# Assistance with editing photo



## CallMeBob (Jul 6, 2018)

Hi, 
I have been taking photos and using Lightroom for a while, but often I feel that I am unable to extract the full potential of my images. For example in this picture: 


Here I have tried to edit it to the best of my ability, but I do not feel that I manage to "hit the spot":

So my question is, can one of the more experienced members show me what they would do to edit this picture? I think it would be useful and interesting to see someone else's take.
The original DNG can be found here: 
Sunset house 
Thank you for any assistance. 
Regards, 
Adrian


----------



## Johan Elzenga (Jul 6, 2018)

The trick here is to set Highlights to -100 and Whites to something like -50. That gives you plenty of room to increase the Exposure to about +1.45 to brighten up the whole image without blowing the highlights. Then set the Temperature (6800) higher to remove the blue from the shadows. You could do other things like adding some Dehaze to make the sky a bit more blue, or to use HSL for that, but I didn't do anything else because I just wanted to show the basics.


----------



## CallMeBob (Jul 6, 2018)

Yes, I see what you mean. The colors are indeed much better in your edit. I think the sky made a big difference. 
Thanks a lot!


----------



## Tony Jay (Jul 7, 2018)

There are only two issues that need addressing here:
White balance could do with a tweak; and
Overall tonality needs help.

However, overall exposure is about right.
If I felt that the overall exposure needed adjustment I would have done it upfront...
What I did with your DNG image was to pull down highlights to -100 and increase shadows to +100.
Now the shadowed areas of the image are nice and bright (and still look natural).
I used the white 1st floor railings to alter white balance the image immediately became much warmer consistent with sunset.

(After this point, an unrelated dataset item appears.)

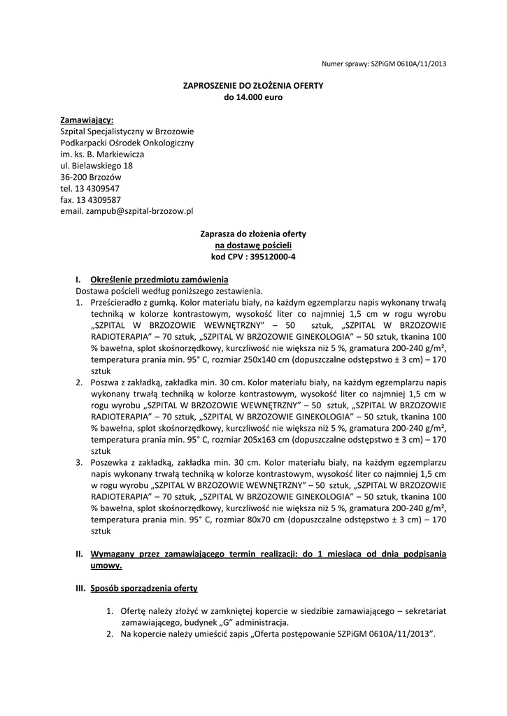 Numer sprawy: SZPiGM 0610A/11/2013 ZAPROSZENIE DO ZŁOŻENIA OFERTY do 14.000 euro Zamawiający: Szpital Specjalistyczny w Brzozowie Podkarpacki Ośrodek Onkologiczny im. ks. B. Markiewicza ul. Bielawskiego 18 36-200 Brzozów tel. 13 4309547 fax. 13 4309587 email. [email protected] Zaprasza do złożenia oferty na dostawę pościeli kod CPV : 39512000-4 I. Określenie przedmiotu zamówienia Dostawa pościeli według poniższego zestawienia. 1. Prześcieradło z gumką. Kolor materiału biały, na każdym egzemplarzu napis wykonany trwałą techniką w kolorze kontrastowym, wysokość liter co najmniej 1,5 cm w rogu wyrobu „SZPITAL W BRZOZOWIE WEWNĘTRZNY” – 50 sztuk, „SZPITAL W BRZOZOWIE RADIOTERAPIA” – 70 sztuk, „SZPITAL W BRZOZOWIE GINEKOLOGIA” – 50 sztuk, tkanina 100 % bawełna, splot skośnorzędkowy, kurczliwość nie większa niż 5 %, gramatura 200-240 g/m², temperatura prania min. 95° C, rozmiar 250x140 cm (dopuszczalne odstępstwo ± 3 cm) – 170 sztuk 2. Poszwa z zakładką, zakładka min. 30 cm. Kolor materiału biały, na każdym egzemplarzu napis wykonany trwałą techniką w kolorze kontrastowym, wysokość liter co najmniej 1,5 cm w rogu wyrobu „SZPITAL W BRZOZOWIE WEWNĘTRZNY” – 50 sztuk, „SZPITAL W BRZOZOWIE RADIOTERAPIA” – 70 sztuk, „SZPITAL W BRZOZOWIE GINEKOLOGIA” – 50 sztuk, tkanina 100 % bawełna, splot skośnorzędkowy, kurczliwość nie większa niż 5 %, gramatura 200-240 g/m², temperatura prania min. 95° C, rozmiar 205x163 cm (dopuszczalne odstępstwo ± 3 cm) – 170 sztuk 3. Poszewka z zakładką, zakładka min. 30 cm. Kolor materiału biały, na każdym egzemplarzu napis wykonany trwałą techniką w kolorze kontrastowym, wysokość liter co najmniej 1,5 cm w rogu wyrobu „SZPITAL W BRZOZOWIE WEWNĘTRZNY” – 50 sztuk, „SZPITAL W BRZOZOWIE RADIOTERAPIA” – 70 sztuk, „SZPITAL W BRZOZOWIE GINEKOLOGIA” – 50 sztuk, tkanina 100 % bawełna, splot skośnorzędkowy, kurczliwość nie większa niż 5 %, gramatura 200-240 g/m², temperatura prania min. 95° C, rozmiar 80x70 cm (dopuszczalne odstępstwo ± 3 cm) – 170 sztuk II. Wymagany przez zamawiającego termin realizacji: do 1 miesiaca od dnia podpisania umowy. III. Sposób sporządzenia oferty 1. Ofertę należy złożyć w zamkniętej kopercie w siedzibie zamawiającego – sekretariat zamawiającego, budynek „G” administracja. 2. Na kopercie należy umieścić zapis „Oferta postępowanie SZPiGM 0610A/11/2013”. 3. Oferta musi być podpisana przez osobę uprawnioną do reprezentowania wykonawcy bądź osobę upoważnioną przez wykonawcę na piśmie. 4. Ceny w ofercie muszą być wyrażone w polskich złotych zgodnie z obowiązującym systemem monetarnym (zaokrąglone do dwóch miejsc po przecinku). 5. Zamawiający informuje, że rozliczenia miedzy zamawiającym a wykonawcą będą prowadzone tylko w złotych polskich. 6. Zamawiający informuje, że w trakcie realizacji umowy mogą wystąpić z jego strony opóźnienia w płatności zobowiązań wynikających z niniejszego zamówienia, do 120 dni po terminie płatności faktury. IV. Oferta musi zawierać następujące dokumenty i informacje 1. Formularz oferty wykonawcy – według załączonego wzoru załącznik nr 1 V. Termin złożenia oferty: do 1 marca 2013 r. do godz. 12.00. VI. Osoba uprawnioną do kontaktów z wykonawcami jest mgr Sławomir Szałajko, dane kontaktowe jak w nagłówku. VII. Przy wyborze oferty zamawiający będzie się kierował kryterium: cena – 100 % VIII.Po wyborze najkorzystniejszej oferty zamawiający wyśle do wybranego wykonawcy umowę do podpisania i zwrotu jednego egzemplarza. IX. Zamawiający zastrzega sobie prawo unieważnienia postępowania na każdym etapie przed podpisaniem umowy bez podawania przyczyn. X. Załączniki: 1. Formularz oferty wykonawcy. 2. Wzór umowy. Załącznik nr 1 OFERTA WYKONAWCY Dane dotyczące Wykonawcy: Nazwa: ................................................................................................................................................ Siedziba: ......................................................................................................................................... REGON: ………………………………………………………….. NIP: ………………………………………………………………………….. Tel. ................................................................. Fax. ......................................................................... Email. .............................................................................................................................................. Zobowiązania wykonawcy: 1. Nawiązując do zaproszenia do złożenia oferty (numer sprawy SZPiGM 0610A/11/2013) na dostawę pościeli oferuję wykonanie przedmiotu zamówienia za cenę: netto .................................... PLN słownie ............................................................................................................................... stawka podatku VAT............................. % brutto .................................... PLN słownie .............................................................................................................................. Lp. Asortyment 1 Prześcieradło z gumką. Kolor materiału biały, na każdym egzemplarzu napis wykonany trwałą techniką w kolorze kontrastowym, wysokość liter co najmniej 1,5 cm w rogu wyrobu „SZPITAL W BRZOZOWIE WEWNĘTRZNY” – 50 sztuk, „SZPITAL W BRZOZOWIE RADIOTERAPIA” – 70 sztuk, „SZPITAL W BRZOZOWIE GINEKOLOGIA” – 50 sztuk, tkanina 100 % bawełna, splot skośnorzędkowy, kurczliwość nie większa niż 5 %, gramatura 200-240 g/m², temperatura prania min. 95° C, rozmiar 250x140 cm (dopuszczalne odstępstwo ± 3 cm) – 170 sztuk Poszwa z zakładką, zakładka min. 30 cm. Kolor materiału biały, na każdym egzemplarzu napis wykonany trwałą techniką w kolorze ko

I did pull the blacks down very slightly.
There was some scope to pull up the whites but I noticed some patches of sunlight in the 1st floor room that blow when the whites are pushed at all. In the overall context of the image it would be up to the photographer to decide how important those small patches of sunlight were and whether allowing them to blow mattered.

Why did I do what I did is probably a more important question!
Firstly, this is an outdoor (read landscape image).
Both the highlights and the shadows represent important parts of this image and preserving detail in those areas will set apart a well developed image from a so-so effort!
Manipulating both the highlights and shadows sliders in the manner explained is the first step in achieving this goal.
When you do this you will notice the sky darkens slightly and more detail becomes evident.
(If there were clouds on the sky the effect would be much more obvious.)
However, with this image anyway, the effects are much more noticeable in the shadow regions where all the foliage and the dark shadows cast by the house suddenly become replete with detail and colour.
Fixing the bluish cast (by altering the white balance) of the image also helps the colours to find a more natural expression fairly dramatically.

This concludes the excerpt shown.